▸ Available data
+ + + +

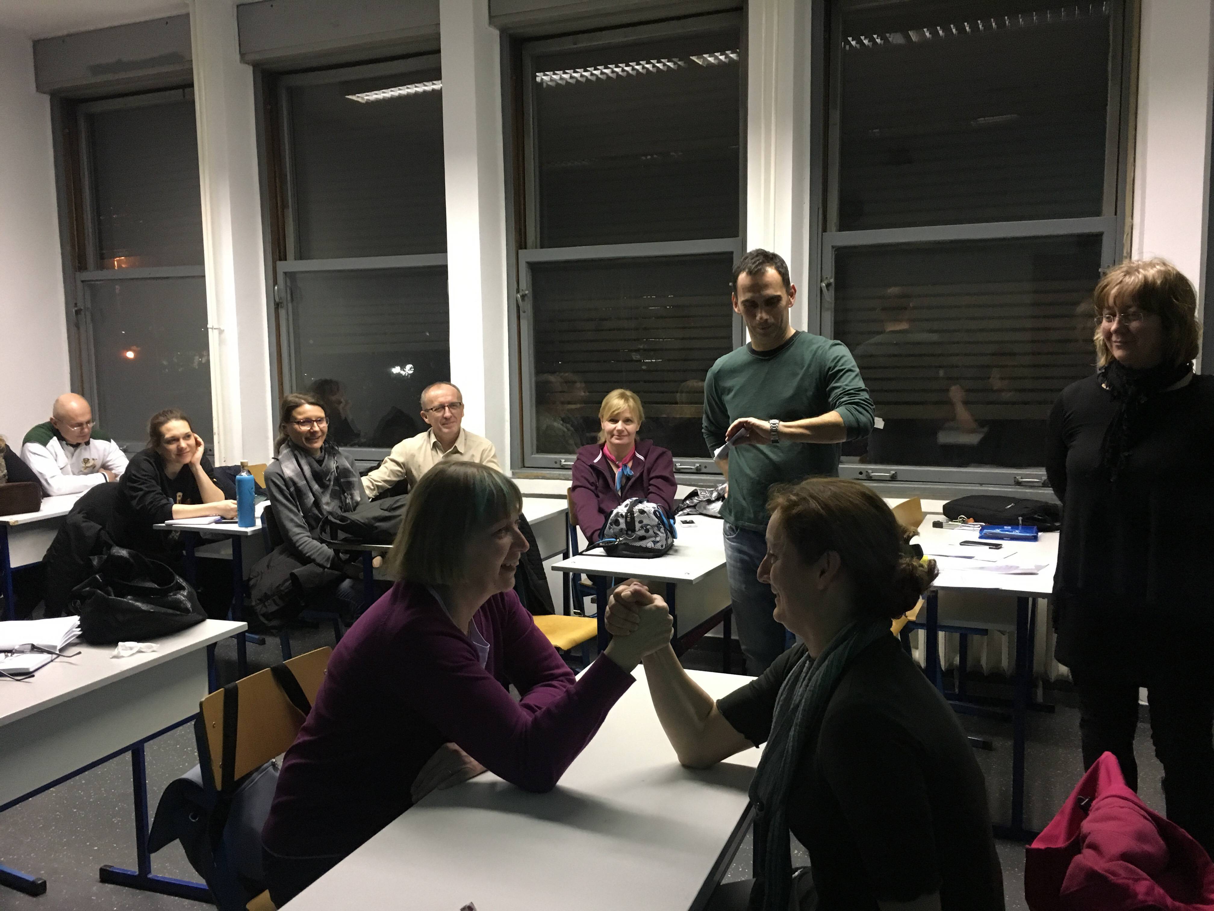 7. ožujka 2018. prof. Antonio Perić održao je je u Udruzi kineziologa inspirativnu radionicu pod nazivom Građanski odgoj u nastavi TZK za profesore tjelesne i zdravstvene kulture. Bilo je govora o grupnom radu i suradničkom učenju, modificiranim igrama, energizerima i forum teatru. Osnovni je cilj svih aktivnosti podići svijest učenika o aktivnom sudjelovanju u društvenim zbivanjima, nenasilnom rješavanju sukoba i vršnjačkom nasilju. Profesori su vrijedno sudjelovali u vježbama i zabava je bila - neprocjenjiva.
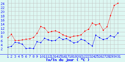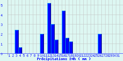 | Statistiques du mois | | Jours de fortes chaleurs (Tmax >= 30°C) | 0 | | Jours de très fortes chaleurs (Tmax >= 35°C) | 0 | | Jours avec nuit tropicale (Tmin >= 20°C) | 0 | | Jours avec gelée (Tmin <= 0°C) | 0 | | Jours avec forte gelée (Tmin <= -5°C) | 0 | | Jours sans dégel (Tmax <= 0°C) | 0 | | Jours avec pluie (RR >= 1mm) | 9 |
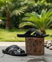 Experience effortless comfort and modern style with these men’s black slip-on sandals. Designed with a sleek cross-strap upper and toe-loop detail, they provide a secure fit and a contemporary look perfect for casual wear. The lightweight, durable construction ensures long-lasting comfort, while the cushioned sole supports your feet throughout the day.Whether you’re heading to the beach, running errands, or relaxing at home, these sandals are your go-to choice for both comfort and versatility.
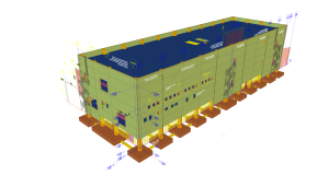 • Total area of 4.800 m² with a footprint of 1.500 m², divided into 2 separate blocks by a structural joint and 3 floors, with a total height of 18 m;
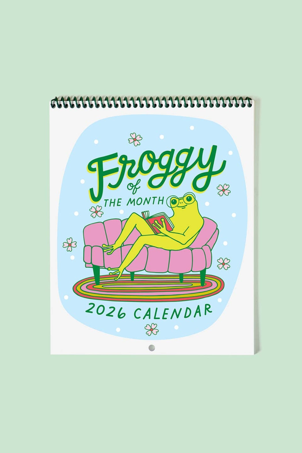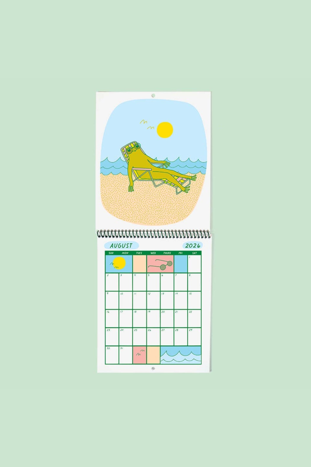 A colorful 12 month calendar showcasing happy froggies in various entertaining scenarios and happy forest friends! This calendar is 8 x 10 inches (8 x 20 hanging), flat printed, and coil bound with drilled hole for wall hanging.
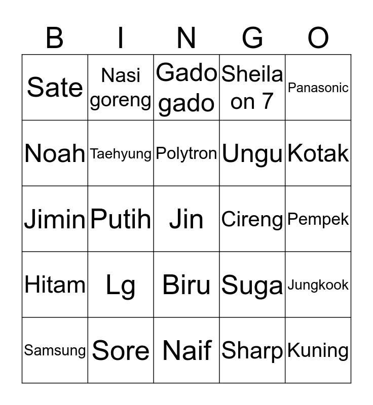 This bingo card has a free space and 24 words: Samsung, Lg, Polytron, Sharp, Panasonic, Sate, Nasi goreng, Gado gado, Cireng, Pempek, Jimin, Taehyung, Suga, Jungkook, Noah, Sore, Naif, Sheila on 7, Kotak, Hitam, Putih, Biru, Ungu and Kuning.
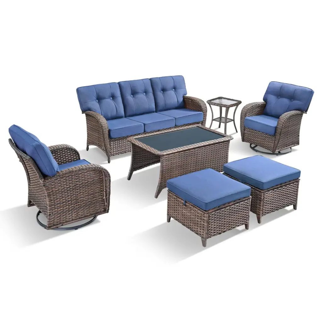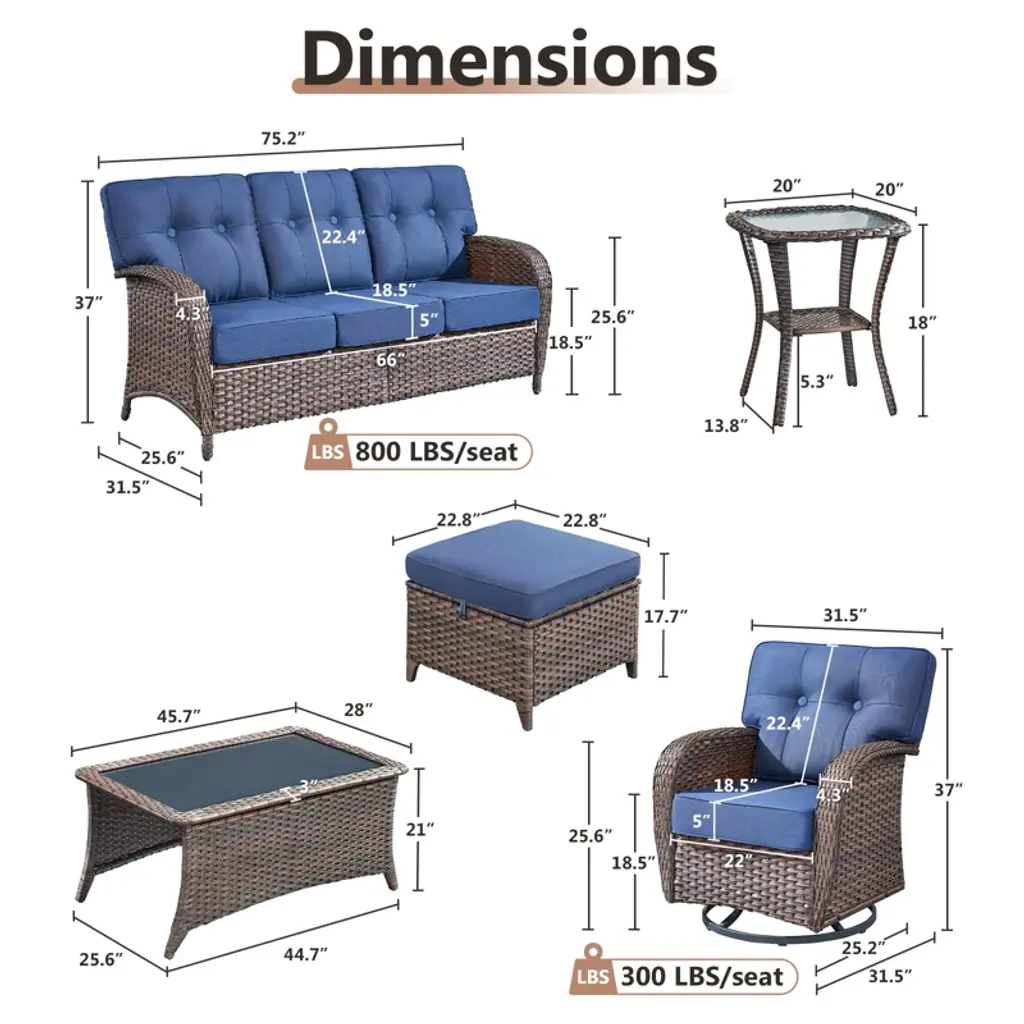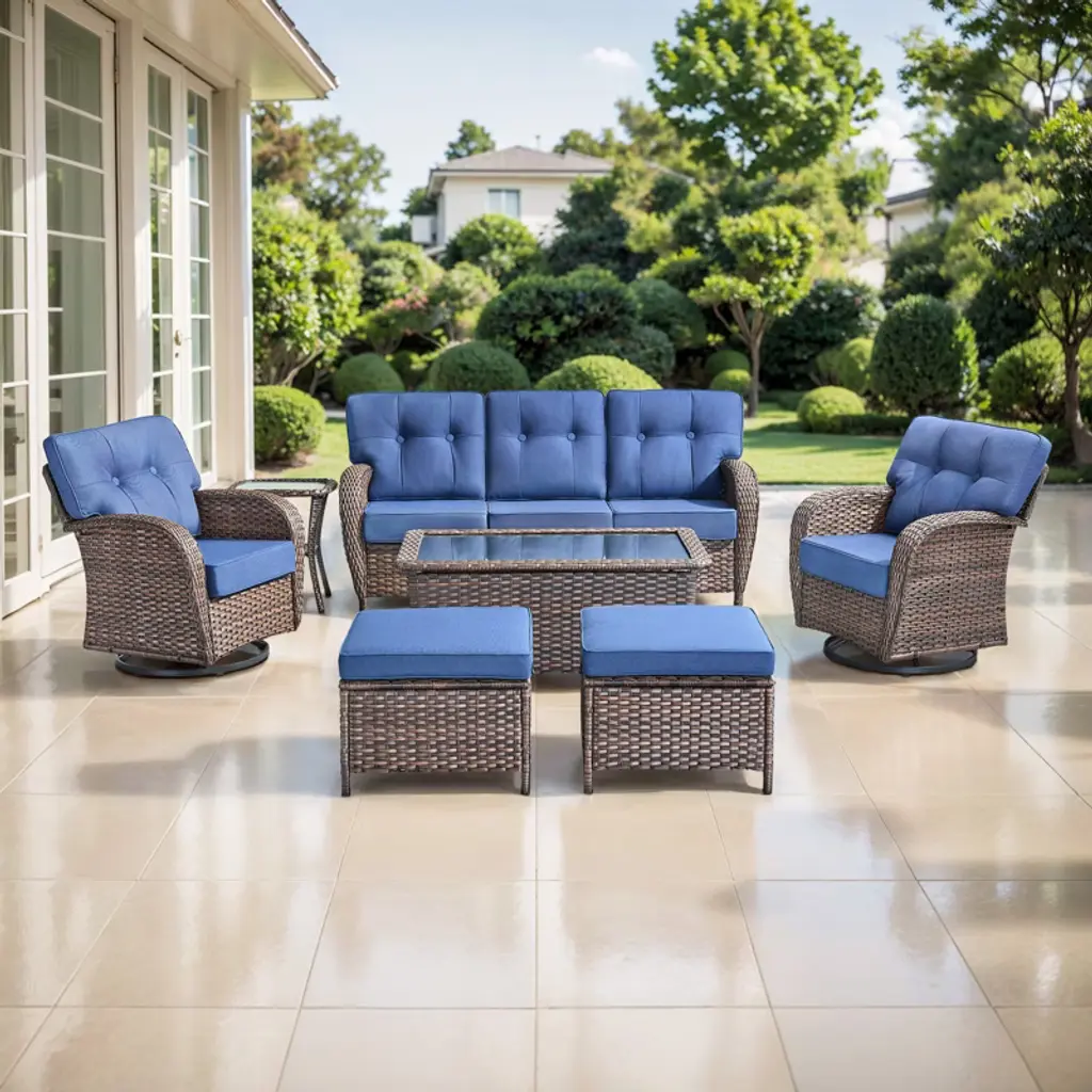 Upgrade your outdoor living with this luxurious 7 Pieces Patio Lounge Set featuring Swivel Chairs & Multi-Functional Ottomans, designed for ultimate comfort and versatility. The outdoor conversation set¡¯s centerpiece includes plush swivel chairs crafted from durable brown PE wicker with rust-proof powder-coated steel frames, 5"-thick 100% olefin cushions, and extra-wide 31.5" backrests for superior relaxation¡ªplus effortless 360¡ã rotation to follow the sun or conversation. Two heavy-duty ottomans (250lb capacity each) serve as footrests or extra seating, while a spacious coffee table and a two-tier side table, both with tempered glass tops on matching steel frames, provide ample space for drinks, snacks, and decor. Built to endure the elements, the set boasts fade-resistant wicker, weatherproof fabrics, and reinforced glass construction, making it perfect for patios, balconies, or poolside lounging. Combining timeless design, exceptional durability, and enhanced functionality with the added coffee table, this ensemble transforms any space into a stylish outdoor retreat.

+ + + +

Set down all the entries above verbatim, and include none of the pictures.

 7. ožujka 2018. prof. Antonio Perić održao je je u Udruzi kineziologa inspirativnu radionicu pod nazivom Građanski odgoj u nastavi TZK za profesore tjelesne i zdravstvene kulture. Bilo je govora o grupnom radu i suradničkom učenju, modificiranim igrama, energizerima i forum teatru. Osnovni je cilj svih aktivnosti podići svijest učenika o aktivnom sudjelovanju u društvenim zbivanjima, nenasilnom rješavanju sukoba i vršnjačkom nasilju. Profesori su vrijedno sudjelovali u vježbama i zabava je bila - neprocjenjiva.
 | Statistiques du mois | | Jours de fortes chaleurs (Tmax >= 30°C) | 0 | | Jours de très fortes chaleurs (Tmax >= 35°C) | 0 | | Jours avec nuit tropicale (Tmin >= 20°C) | 0 | | Jours avec gelée (Tmin <= 0°C) | 0 | | Jours avec forte gelée (Tmin <= -5°C) | 0 | | Jours sans dégel (Tmax <= 0°C) | 0 | | Jours avec pluie (RR >= 1mm) | 9 |
 Experience effortless comfort and modern style with these men’s black slip-on sandals. Designed with a sleek cross-strap upper and toe-loop detail, they provide a secure fit and a contemporary look perfect for casual wear. The lightweight, durable construction ensures long-lasting comfort, while the cushioned sole supports your feet throughout the day.Whether you’re heading to the beach, running errands, or relaxing at home, these sandals are your go-to choice for both comfort and versatility.
 • Total area of 4.800 m² with a footprint of 1.500 m², divided into 2 separate blocks by a structural joint and 3 floors, with a total height of 18 m;
 A colorful 12 month calendar showcasing happy froggies in various entertaining scenarios and happy forest friends! This calendar is 8 x 10 inches (8 x 20 hanging), flat printed, and coil bound with drilled hole for wall hanging.
 This bingo card has a free space and 24 words: Samsung, Lg, Polytron, Sharp, Panasonic, Sate, Nasi goreng, Gado gado, Cireng, Pempek, Jimin, Taehyung, Suga, Jungkook, Noah, Sore, Naif, Sheila on 7, Kotak, Hitam, Putih, Biru, Ungu and Kuning.
 Upgrade your outdoor living with this luxurious 7 Pieces Patio Lounge Set featuring Swivel Chairs & Multi-Functional Ottomans, designed for ultimate comfort and versatility. The outdoor conversation set¡¯s centerpiece includes plush swivel chairs crafted from durable brown PE wicker with rust-proof powder-coated steel frames, 5"-thick 100% olefin cushions, and extra-wide 31.5" backrests for superior relaxation¡ªplus effortless 360¡ã rotation to follow the sun or conversation. Two heavy-duty ottomans (250lb capacity each) serve as footrests or extra seating, while a spacious coffee table and a two-tier side table, both with tempered glass tops on matching steel frames, provide ample space for drinks, snacks, and decor. Built to endure the elements, the set boasts fade-resistant wicker, weatherproof fabrics, and reinforced glass construction, making it perfect for patios, balconies, or poolside lounging. Combining timeless design, exceptional durability, and enhanced functionality with the added coffee table, this ensemble transforms any space into a stylish outdoor retreat.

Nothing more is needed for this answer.